Idea/Pre-RFC: Runtime-erased types and reflections around object safety

Hello compiler community,

for me this is a sort-of first contact. If I should repost this somewhere else e.g. on zulip, call me out.

I am a maintainer over at yewstack/yew, and in the course of implementing a scheduler running updates for some generic library-internal datastructures, I've had the time to think about the monomorphisation á la rust vs. type erasure á la java/using void* in C/interface{} in go.

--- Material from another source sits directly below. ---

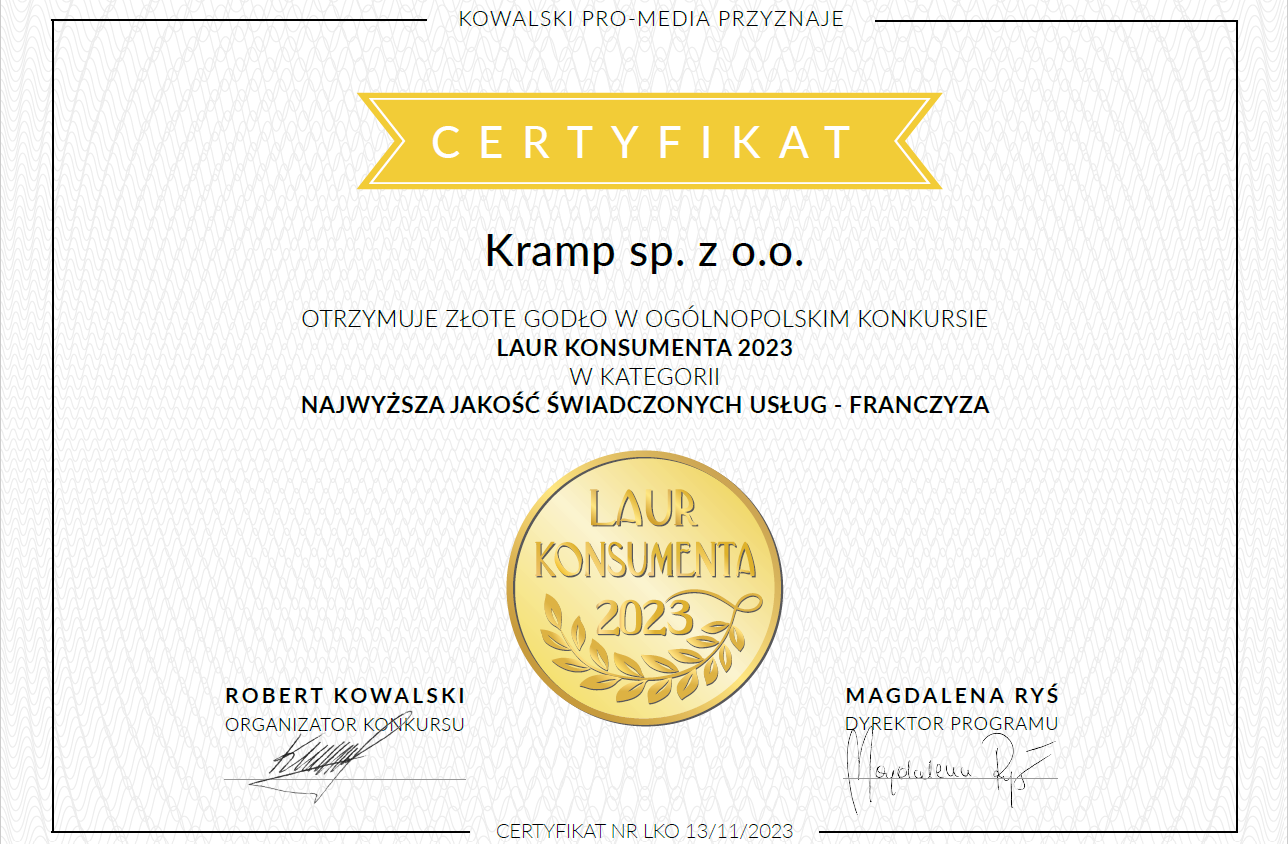Miło nam poinformować, że oferta KRAMP Sp. z o.o. została wyróżniona w ogólnopolskim plebiscycie Laur Konsumenta 2023. Kramp otrzymał złoty Laur Konsumenta za zajęcie pierwszego miejsca w sondażu w kategorii: najwyższa jakość świadczonych usług – franczyza.

I've come up with a "blog post" describing a language extension that I think is suitable for type erasure in Rust, see this gist. It's not yet at the level for an RFC (not that I'd know the process of actually writing one), but I think the main idea is ripe enough for a discussion. Feel free to leave feedback, all spelling mistakes are mine.

I had some – I think (only skimmed your thing so far) – somewhat comparable ideas myself. Wrote a few notes about it here though that’s not really anything finished / in a good state intended for others to read. With that said, feel free to take a look anyway, if you like

I somehow came to the conclusion at the time that two different new levels of type-erased parameters would be needed. Fully polymorphic (like the ones you call dyn T AFAICT), and types that can contain fully polymorphic parameters but themselves have a known size, can be put on the stack and dropped. I’ll have to think about why exactly that was necessary in my opinion, but I remember it felt appropriate and perhaps even necessary at the time.

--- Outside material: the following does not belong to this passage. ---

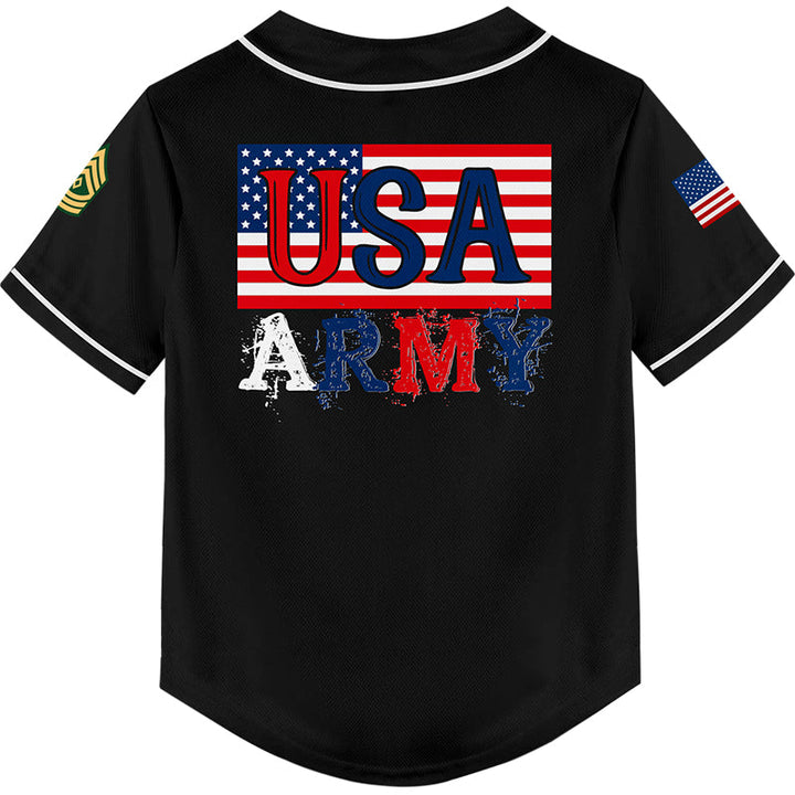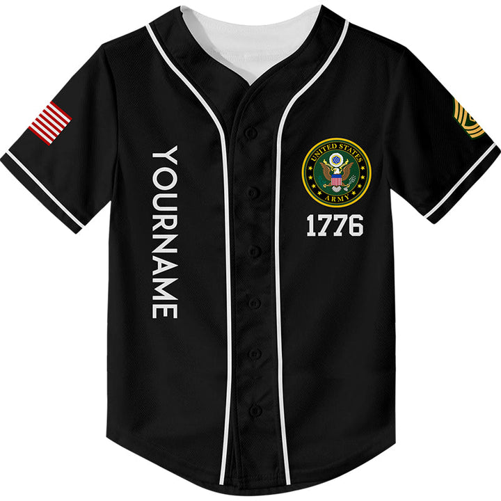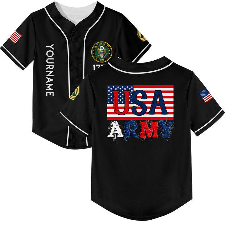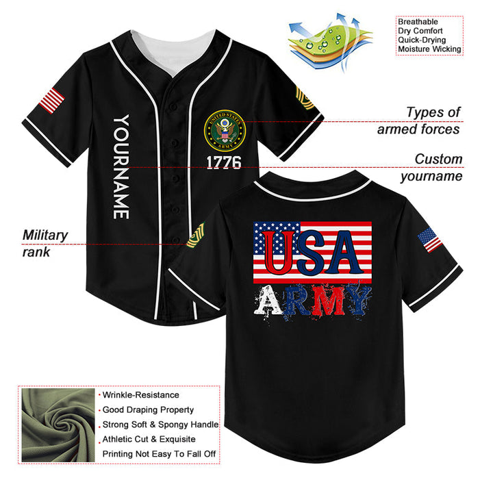 Custom Black USA 1776 American Flag U.S Army Military Rank Name Baseball Jersey

(One of) my main motivations was that I wanted to allow for polymorphic recursion. Other motivations would be better performance, and some form of support for generic methods in object-safe traits. I did not want to add anything magical yet, e.g. vtables for trait bounds and the like. Really, I think one of the most important things when getting started with a feature like this will be to create the smallest possible viable (useful) product first, and leave any convenience-functionality built on top for later. E.g. for vtables, I thought, you could as a first step just work with passing around function pointers^[1] manually (while type safety is ensured by the erased type parameters).

1. or perhaps even &dyn Fn(…)s ↩︎

There's ongoing work towards reducing monomorphizations automatically in MIR under "polymorphization." It's not immediately clear how much overlap there is, but it'd certainly be nice to have a guarantee of polymorphization.

This is at a high level an optimization that very code-size-concious containers can often do manually^[1] at cost of type safety, by the internals working over effectively *mut c_void and only reattaching typing as necessary.

However, it's necessary to reattach typing more often than you'd like, as you need a DynMetadata<dyn Sized> in order to get size information for ptr::copy and de/alloc. This means it's impossible to have a properly erased impl with phantom type-system-only typing, because it needs to have the Sized metadata to convert to &dyn Sized.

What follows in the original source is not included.